A bill that would rewrite patent eligibility law may start moving through the Senate next month.
Sen. Thom Tillis (R-N.C.) plans to introduce a bill soon after July 4, and work for swift Senate Judiciary Committee consideration, he said during a subcommittee hearing on the subject.
“Once our bill is introduced, I intend to work with quickly with ranking member Coons to get it on the Senate Judiciary Committee markup so we can take the next legislative steps in restoring certainty to our patent system,” Tillis, chairman of the panel’s intellectual property subcommittee, said at the June 11 hearing, referring to Sen. Chris Coons (D-Del.).
Tillis said that the feedback from three patent eligibility hearing this month convinced him that draft text of a bill must be refined to ensure that “true abstractions, natural laws and naturally occurring phenomenon” remain ineligible for patenting.
“We need to further enhance our proposal for Section 112(f) so that vague business methods and generic computer claims can’t pass muster and be weaponized against small businesses, startups and entrepreneurs,” he said. That section in federal patent law covers how language in patent claims can express a means or step for performing a function.

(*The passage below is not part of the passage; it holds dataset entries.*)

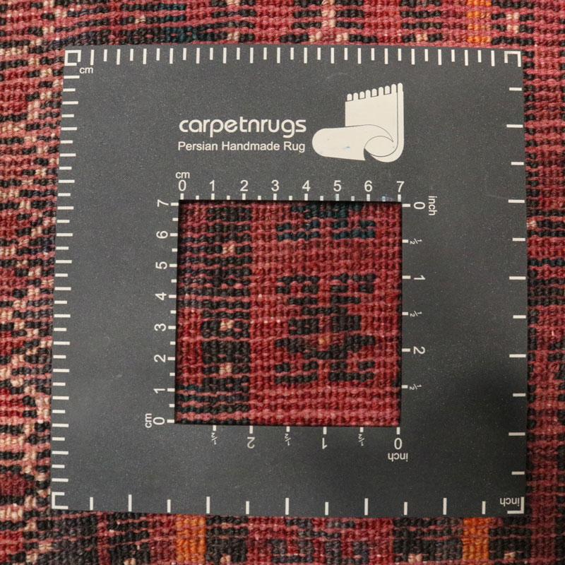 مساحت این قالیچه 5 متر مربع با وزن 17.7 کیلوگرم با رنگ زمینه لاکی و طرح هندسی سراسر میباشد.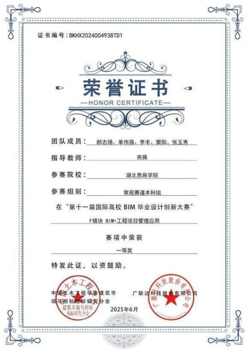 國際高校BIM畢業(yè)設計創(chuàng)新大賽連續(xù)多年入選由中國高等教育學會發(fā)布的《全國普通高校學科競賽排行榜》,成為建筑類相關專業(yè)院校最為關注的全國性競賽之一,亦列我校39項高水平學科競賽之一。大賽涵蓋建筑設計、施工管理、成本控制等多個模塊,全面考察學生的BIM技術應用能力和團隊協作水平。第十一屆大賽共吸引728所院校、1.4萬余支團隊、8萬余名師生參賽,其中712所院校、5004支團隊成功晉級。面對如此激烈的競爭,我校學子再奪國家級一等獎2項,以卓越成績展現了在工程設計與建筑信息化領域的硬核實力與創(chuàng)新風采。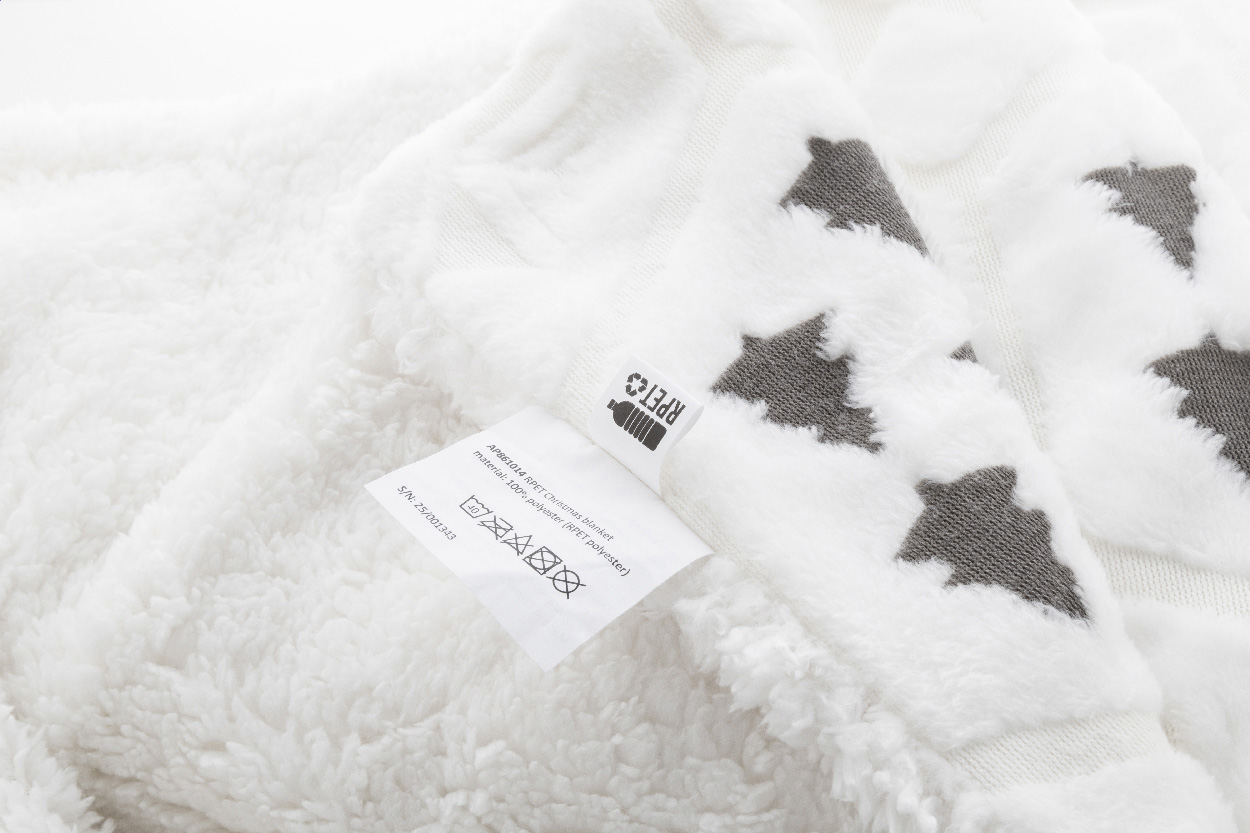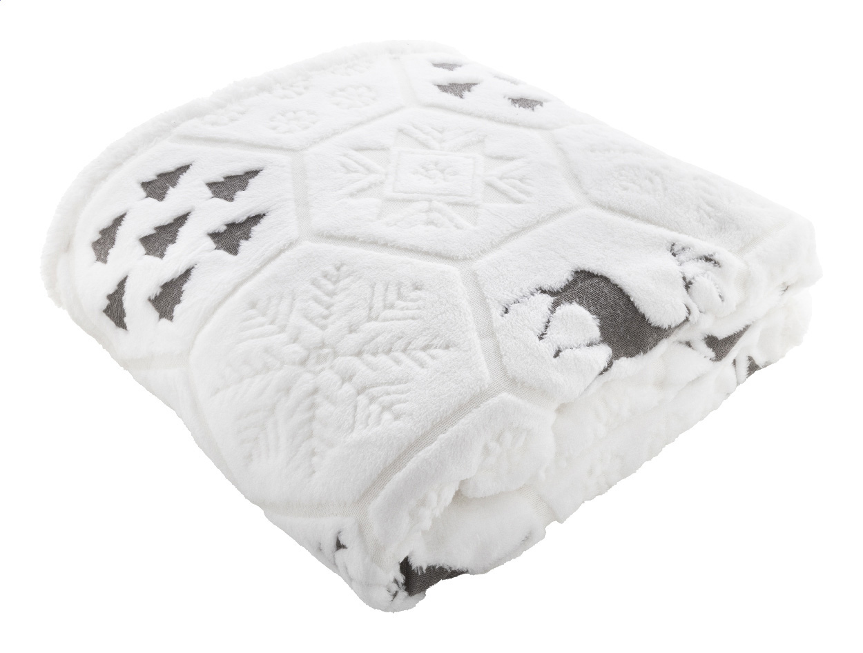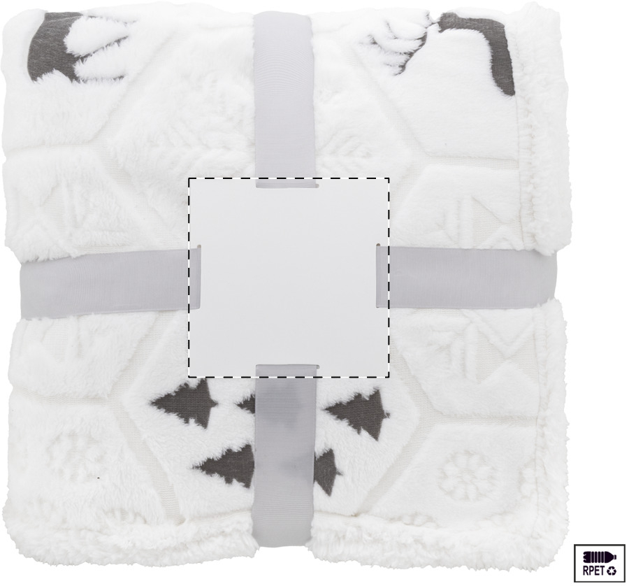 Luxusní dvouvrstvá vánoční deka z RPET s reliéfním zimním vzorem. S flanelovým fleecovým materiálem RPET 270 g/m² a oboustrannou podšívkou z RPET sherpa fleecu 210 g/m². Zabaleno do stuhy a tisknutelného papírového kartonu.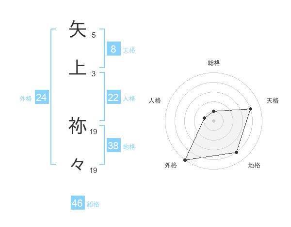 矢上 祢々さんの天格は8画の4点!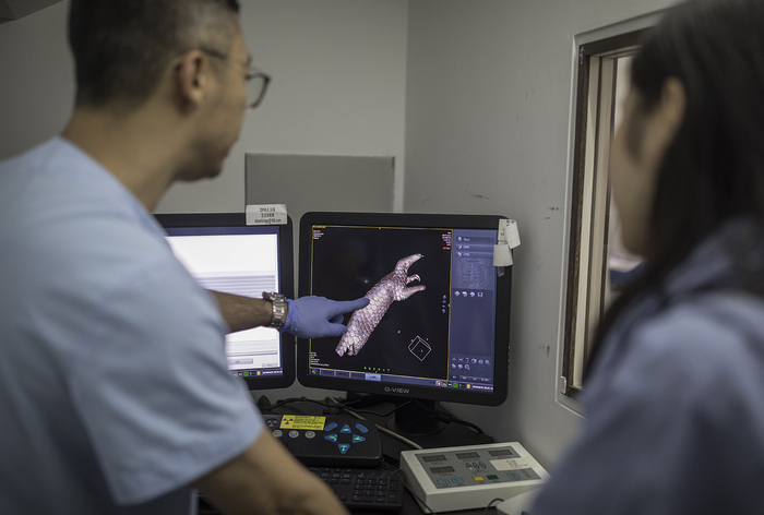 救护人员在观看穿山甲的CT影像。 受访者供图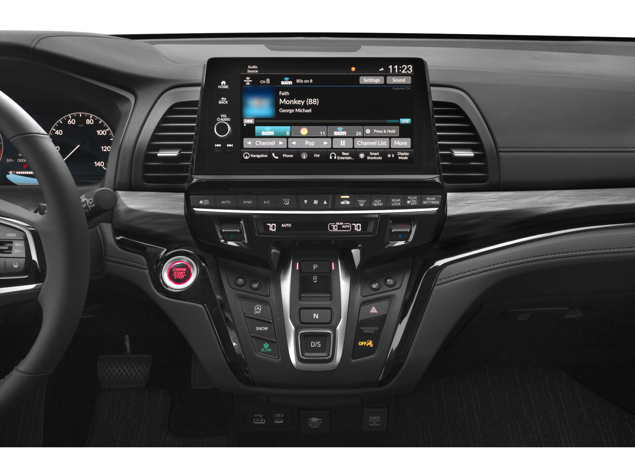 - Radio: 500-Watt AM/FM/HD Premium Audio System -inc: 11 speakers including subwoofer, 9" color touchscreen display, 7" TFT Meter, multi-zone audio, Bluetooth® HandsFreeLink, Bluetooth® streaming audio, HondaLink, HondaLink subscription services, Speed-Sensitive Volume Compensation (SVC), Radio Data System (RDS), wireless Apple CarPlay compatibility, wireless Android Auto compatibility, Wi-Fi Hotspot capability, 2.5-amp USB smartphone/audio interface, CabinTalk in-car PA system, advanced rear entertainment system w/12.8" high-resolution screen, HDMI interface w/USB-A, headphone jack (3rd row), Honda Satellite-Linked Navigation System w/voice recognition and Honda HD digital traffic, CabinWatch rear seat monitor, illuminated steering wheel-mounted controls and fin-type roof-mounted antenna, All SiriusXM services require a subscription, sold separately by SiriusXM after the trial period, If you decide to continue service, the plan you choose will automatically renew at the then-current rates, Fees and taxes apply, See the SiriusXM customer agreement and privacy policy at www.siriusxm.com for full terms and how to cancel, which includes calling 1-866-635-2349, Available in the 48 contiguous U.S, and D.C, Some services and features are subject to device capabilities and location restrictions, All fees, content and features are subject to change, SiriusXM, Pandora and all related logos are trademarks of Sirius XM Radio Inc, and its respective subsidiaries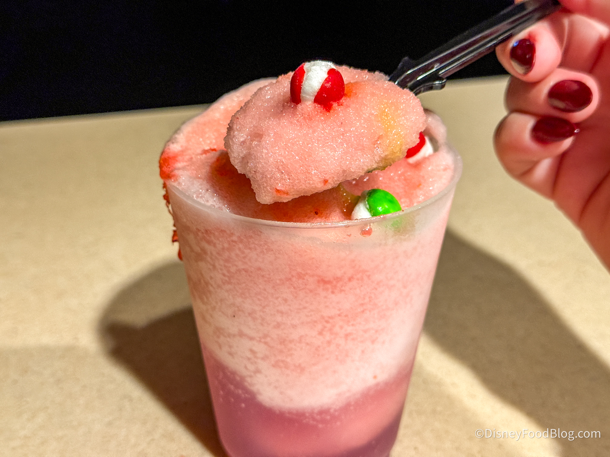 This is like a slushy-fied, hyped up version of a strawberry lemonade in the best way, and those freeze-dried Skittles really bring a fun texture into the mix. It does melt pretty quick towards the bottom, though, so be ready!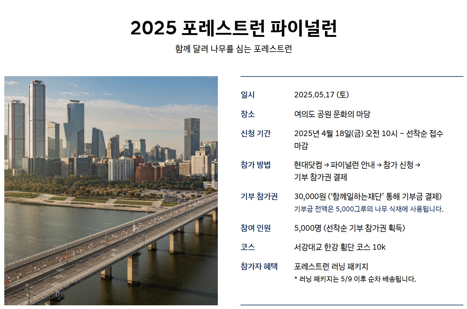 포레스트런 2025는 현대자동차가 주최하는 기부형 친환경 러닝 캠페인이에요.
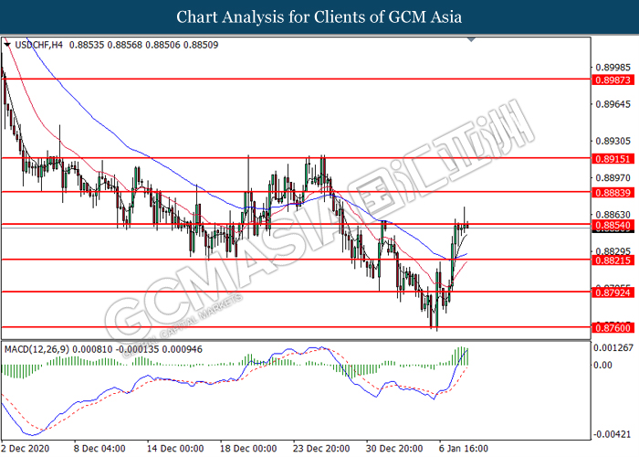 USDCHF, H4: USDCHF was traded higher while currently testing the resistance level at 0.8855. MACD which illustrated bullish bias momentum suggest the pair to extend its gains after it successfully breakout above the resistance level at 0.8855.
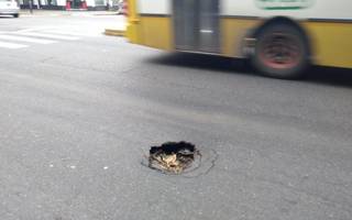 Vecinos advirtieron por la precariedad que presenta un poste en 3 y 520,en la vereda correspondiente a Ringuelet. Es una estructura partida a la mitad pero que está sostenida con alambres”, dijo Angela.
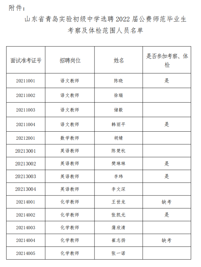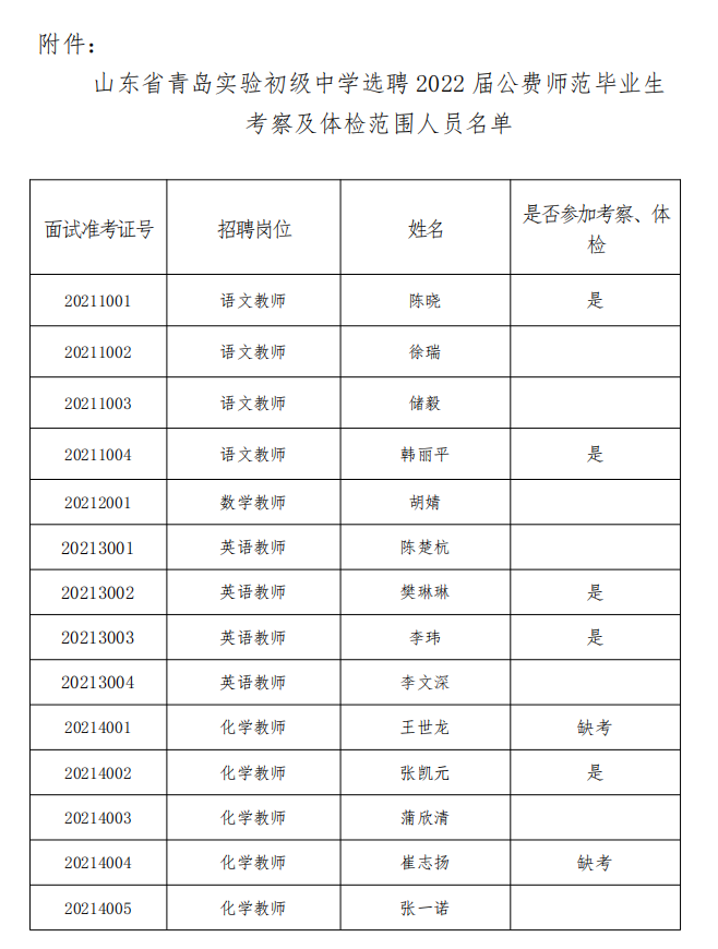 附件:山东省青岛实验初级中学选聘 2022 届公费师范毕业生考察及体检范围人员名单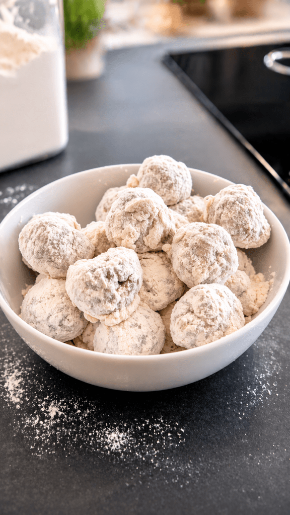 - Gefrorene Hackbällchen kurz in kaltes Wasser tauchen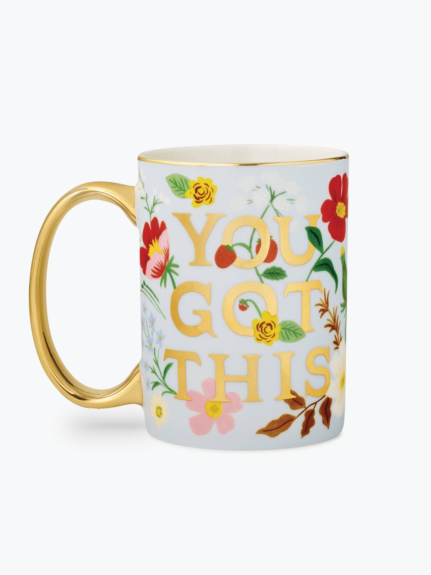 A cup of confidence every morning. Our porcelain mugs feature illustrated designs and a gilded rim and handle to add a little something special to your favorite beverage.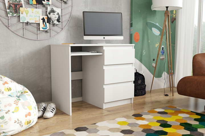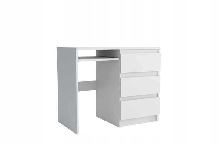 Kolekcja biurka LEO to system mebli o nowoczesnej formie i minimalistycznym wyglądzie. Fronty bez uchwytów nadadzą każdemu wnętrzu nowoczesny klimat. Pojemne biurko składa się z trzech szuflad, które pomieszczą najpotrzebniejsze rzeczy, a wysuwany blat idealnie nada się na klawiaturę do komputera. Biurko wykonane jest z płyty laminowanej o grubości 16 mm firmy Kronospan, a jego powierzchnia jest odporna na wilgoć i ma podwyższoną odporność na zarysowania.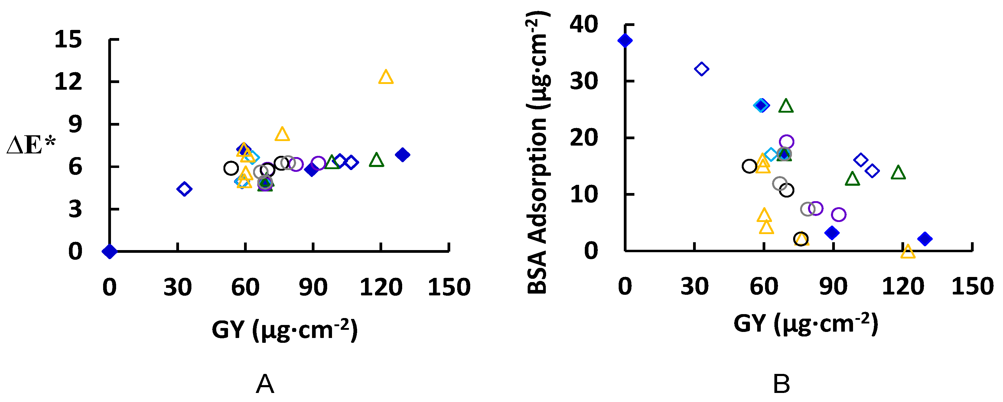 Membrane color change (∆E*) (A) and BSA adsorption (total adsorption equals reversible + irreversible adsorbed protein) (B) with grafting yield (GY); the common reaction condition is 4.8 mM ferulic acid, 0.5 U·mL−1 laccase, 2 h modification time, 25 °C, pH 5, and 0.1 M sodium acetate buffer. The following parameters were studied: modification time (0.5, 2, 8, and 24 h) with

A new patent eligibility law could undo U.S. Supreme Court decisions that attorneys say has left the law poorly defined, making it easier for companies win patents to protect their inventions. Such rulings have made it harder for companies to raise venture capital, and protect their inventions in legal disputes, some trade groups say.
Technology, pharmaceutical and biotechnology industry representatives, and other supporters of a patent eligibility revamp, lauded the proposed changes as a way to boost innovation. But opponents, such as the High Tech Inventors Alliance, which represents Alphabet Inc.'s Google and Amazon.com Inc., asked lawmakers to preserve the existing law’s eligibility test.
Representatives from Qualcomm Corp., IBM Corp., Novartis International AG and Genentech Inc. urged legislative action to protect innovations in emerging technology areas, including 5G, personalized medicine, diagnostics, artificial intelligence and quantum computing, at the June 11 hearing.
Proposed changes to Section 101 of patent law “would allow for companies like Qualcomm to innovate with confidence that our innovations will not be denied patent protection based on ambiguous standards eligibility,” Laurie Self, Qualcomm’s senior vice president and counsel, government affairs, said.
But more discussion is needed on Section 112(f), because the proposed amendments could allow rivals to copy technological inventions and avoid infringement complaints by amending their patents, Self said.
The American Civil Liberties Union expressed concern at a prior hearing that the draft legislation would let companies patent human genes that the law now prohibits. Tillis called the ACLU’s argument a “false narrative” at the June 11 hearing.
“If it’s not new it can’t be patented and we all know the human genome has been mapped and it’s available for public use,” Tillis said.